インフルエンザ治療薬タミフルに脳細胞を興奮させる作用があることを、米ワシントン大学(ミズーリ州)の和泉幸俊教授(精神医学)らがラットを使った実験で初めて明らかにした。内容は10月9日発行の医学専門誌「ニューロサイエンス・レターズ」に掲載される。 タミフル服用と異常行動の関係については、タミフルを飲んだ10代の子が自宅マンションから飛び降りて死亡するなどの問題が相次いだ。

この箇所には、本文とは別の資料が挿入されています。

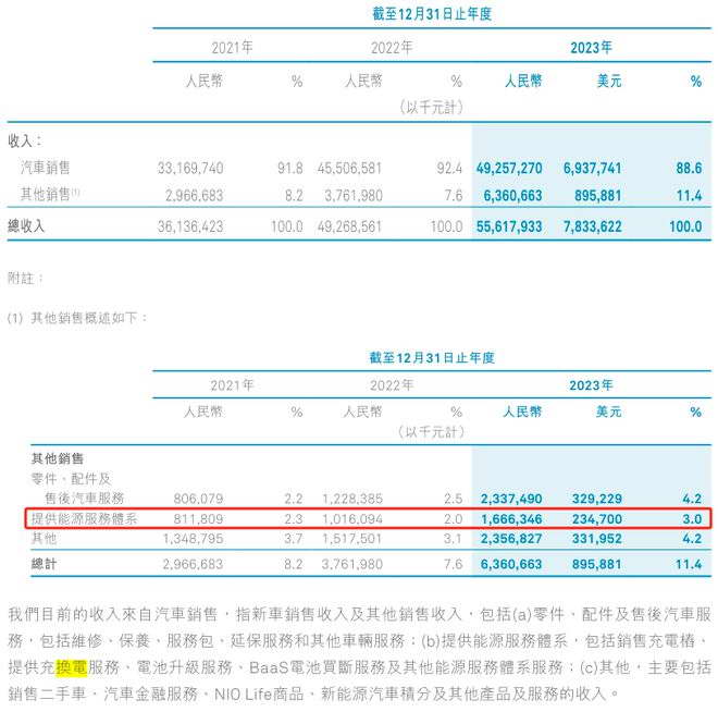 以 2023 年为例,蔚来其他销售收入 63.61 亿,其中提供能源服务体系(即包含充电桩、充换电服务等)的一年收入是 16.66 亿。

和泉教授らは、ラットの脳から取り出した神経細胞を、タミフルと、タミフルが体の中で分解された時にできる薬効成分のOCBという化学物質の水溶液にそれぞれ浸した。すると、どちらも約10分後に神経細胞の活動が過剰に盛んになった。各薬物を洗い流した後も、40分以上神経細胞の興奮は続いた。タミフルそのものよりも、OCBの方が約30倍も作用は強かった。人間で未成年に異常行動が相次いでいるため、今回は思春期前の子どもに相当する生後1カ月の幼いラットの神経細胞を使った。

また、エフェドリンという風邪薬に含まれる成分や、アルコールを、タミフルと同時に幼いラットに摂取させると神経興奮作用が強まることもわかった。

脳には、血中の物質を脳内に通すかどうかを選別する血液脳関門という脳を守る特別な機能があるが、エフェドリンやアルコールは、血液脳関門のガードを緩めることがわかっている。

和泉教授は、思春期前の子では血液脳関門の機能が未熟であることや、ガードを緩める作用があるものと一緒に飲むことで、タミフルが関門をすり抜けて脳に到達し、神経細胞に作用するのではないか、と推測している。

タミフル輸入販売元の中外製薬広報IR部の話 現在、厚労省の指示に従いながら、タミフルや代謝産物が血液脳関門を通るかどうかなどの基礎研究を進めているところだ。
(タミフルの脳への興奮作用、ラットで実証 米の邦人教授)


当初、インフルエンザ脳症との鑑別が難しいとのことから、タミフルの異常行動と断定することが難しかった、という事例が国内で問題となりました。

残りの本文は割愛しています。